First, I want to note that the latest Raspbian version (Buster) does not include Oracle Java 8 which is required by Hadoop 3.2.0. There is no easy way to get it set-up, but it can be done. First you need to manually download the tar.gz file from Oracle's site (this requires a registration). I put it up on a personal webserver so it can be easily downloaded from the Pis. Then, on each Pi:
download java package
cd ~/Downloads
wget /jdk8.tar.gz
extract package contents
sudo mkdir /usr/java
cd /usr/java
sudo tar xf ~/Downloads/jdk8.tar.gz
update alternative configurations
sudo update-alternatives --install /usr/bin/java java /usr/java/jdk1.8.0_221/bin/java 1000
sudo update-alternatives --install /usr/bin/javac javac /usr/java/jdk1.8.0_221/bin/javac 1000
select desired java version
sudo update-alternatives --config java
check the java version changes
java -version
Next, here is how I solved the YARN problem. In your tutorial section "Configuring Hadoop on the Cluster", after the modifications to the xml files have been made on Pi1, two files need to be copied across to the other Pis: these are yarn-site.xml and mapred-site.xml. After copying, YARN needs to be restarted on Pi1.

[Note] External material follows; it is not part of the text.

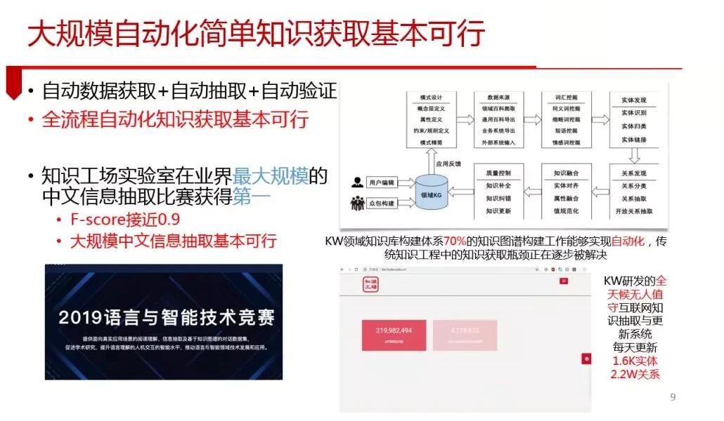 90%+已经没有问题,大家可以看到华为云、百度云都已经推出了这项服务。还有基于知识的问答等实用化关键技术都取得了突破。还有,在自然语言处理中,知识支撑下的知识问答、行业问答已经有了一个非常长足的进步,这实际上都是基于知识图谱的支撑做到的。
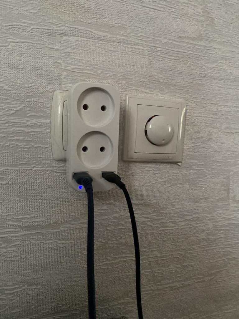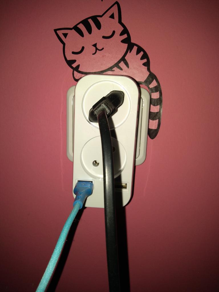 Coisa muito conveniente. Minha tomada é muito baixa para conectar qualquer coisa. E isso é outro assunto) isso está salvando diretamente os fios de torções.

To set appropriate values for the memory settings, I found a useful tool which is described on this thread stackoverflow.com/questions/495791...
Copy-pasting the instructions:
get the tool
wget public-repo-1.hortonworks.com/HDP/...
tar zxvf hdp_manual_install_rpm_helper_files-2.6.0.3.8.tar.gz
rm hdp_manual_install_rpm_helper_files-2.6.0.3.8.tar.gz
mv hdp_manual_install_rpm_helper_files-2.6.0.3.8/ hdp_conf_files
run the tool
python hdp_conf_files/scripts/yarn-utils.py -c 4 -m 8 -d 1 false
-c number of cores you have for each node
-m amount of memory you have for each node (Giga)
-d number of disk you have for each node
-bool "True" if HBase is installed; "False" if not
This should provide appropriate settings to use. After the xml files have been edited and YARN has been restarted, you can try this command to check that all the worker nodes are active.
yarn node -list
First of all i d like to thank Andrew for a superb tutorial. Besides some minor alternation i had to make, i was able to set up the hdfs etc. but i am running now on the same problem as you Andreas.
The first thing i d like to add to your recommendations is that downloading the java is easier.
sudo apt-get install openjdk-8-jdk
and then change the default (as you suggested already):
sudo update-alternatives --config java
sudo update-alternatives --config javac
Then change export JAVA_HOME=$(readlink –f /usr/bin/java | sed "s:bin/java::") to export JAVA_HOME=/usr/lib/jvm/java-8-openjdk-armhf both in ~/.bashrc and in /opt/hadoop/etc/hadoop/hadoop-env.sh.
The part i have been stuck for a while though is that yarn node -list command stucks
and if i try to run a spark job then i also get stuck on the ACCEPTED part.
I haven't yet tried your proposition.
PS I know it is a year-old article but still is the best i ve seen so far in my research.
Ευχαριστώ πολύ και τους 2 (I would like to thank you both)
Hi Andreas,
I am running Raspbian Buster on my PIs, too. I have downloaded the "Linux ARM 64 Hard Float ABI" (jdk-8u231-linux-arm64-vfp-hflt.tar.gz) and followed your instructions and I get following error bu running java -version
I guess this java-product is not compatible with the PI. Which exact file have you downloaded from the Orcale site?